500mで2万ウォン、一向に減らないぼったくりタクシー(朝鮮日報)
 このところソウル市内の観光ホテル周辺では毎晩、いわゆる「ぼったくりタクシー」を摘発する取り締まり要員が張り込んでいる。外国人の乗客に対して法外な料金を請求したり、メーターを動かさずに走ったりする悪質な行為が後を絶たないため、ソウル市は2015年4月、こうしたタクシーを取り締まるための専門チームを発足させた。道路交通法に精通し、外国語の能力試験にも合格した取り締まり要員13人が活動中だ。外国人女性が被害に遭うケースが多いことから、結婚して韓国に移住した中国人・日本人の女性6人も要員に選ばれた。退職したシルバー世代7人も活動している。

 取り締まりチームは毎晩午後8時から翌日午前2時まで、2人1組で外国人の多いホテル周辺を巡回する。外国人がタクシーから降りると、下車したところをスマートフォンで撮影し、タクシーのナンバーをメモする。乗客には乗車地と料金を確認し、距離に比べて料金が高すぎる場合、タクシーを摘発する。事情を聞くのは1日に4−5人ほどだという。 (中略)

ソウル市は昨年2月から、違法行為を3回以上摘発された場合は運転免許取り消しという「三振アウト制」を導入。今年6月、制度導入以来初めて「三振アウト」となったタクシー運転手は、基本料金で乗車できる距離で3万6000ウォン(約3600円)を徴収するなど、本来の料金の5−12倍もの料金を受け取って2回警告を受けた末、タクシーの運転資格を剥奪された。

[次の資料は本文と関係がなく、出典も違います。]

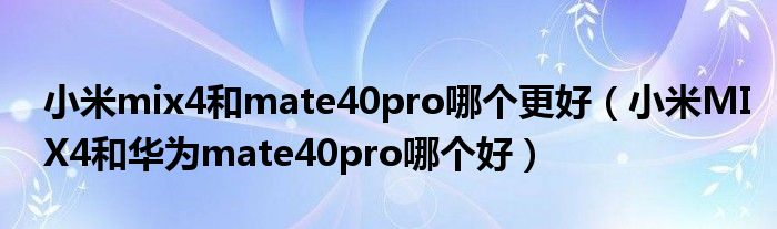 小米mix4和mate40pro哪個更好(小米MIX4和華為mate40pro哪個好)

 退職後に取り締まり要員として活動を始めたホンさん(65)は「現場の写真を撮ったり外国人乗客に事情を聞いたりすると、タクシーの運転手が降りてきて、ののしられたり胸ぐらをつかまれたりすることもある。国のイメージを守るという使命感を持って仕事をしている」と話した。
(引用ここまで)

 以前からぼったくりGメン……いや、これだと政府直轄でぼったくりしているみたいだな。
 ぼったくり対策Gメンがいるという話は何度か出ているのですが。
 その実態が語られたのははじめてのことじゃないかなぁ。

 まあ、アメリカだろうとヨーロッパだろうと韓国であろうとぼったくりタクシーは少なからず存在します。
 アメリカではもはやUber使えば解決ですけどね。
 ただ、韓国のそれはかなり悪質なのですよ。
 もう、これまで楽韓Webでもどれだけ取り上げてきたか分からないくらい。


 これらのエントリの中で何度か書いていることですが、タクシーに限らず「ぼったくり」という行為には富の再配布という側面がありまして。
 韓国の全般的に安い公共料金に引っ張られるようにして安いタクシー料金を補填する、という意味合いがあるのですよ。
 なので、こういったぼったくり対策Gメンなんていう小手先の摘発をするのではなく、経済構造にまで突っこんで改革をしなければ意味はないのですよ。本来であれば。
 ムン・ジェインの経済政策につながる部分がありますね(笑)。

 彼らぼったくり対策Gメンが、逆上したタクシー運転手に危害を加えられてどうこうなんてニュースがないことを願っていますよ。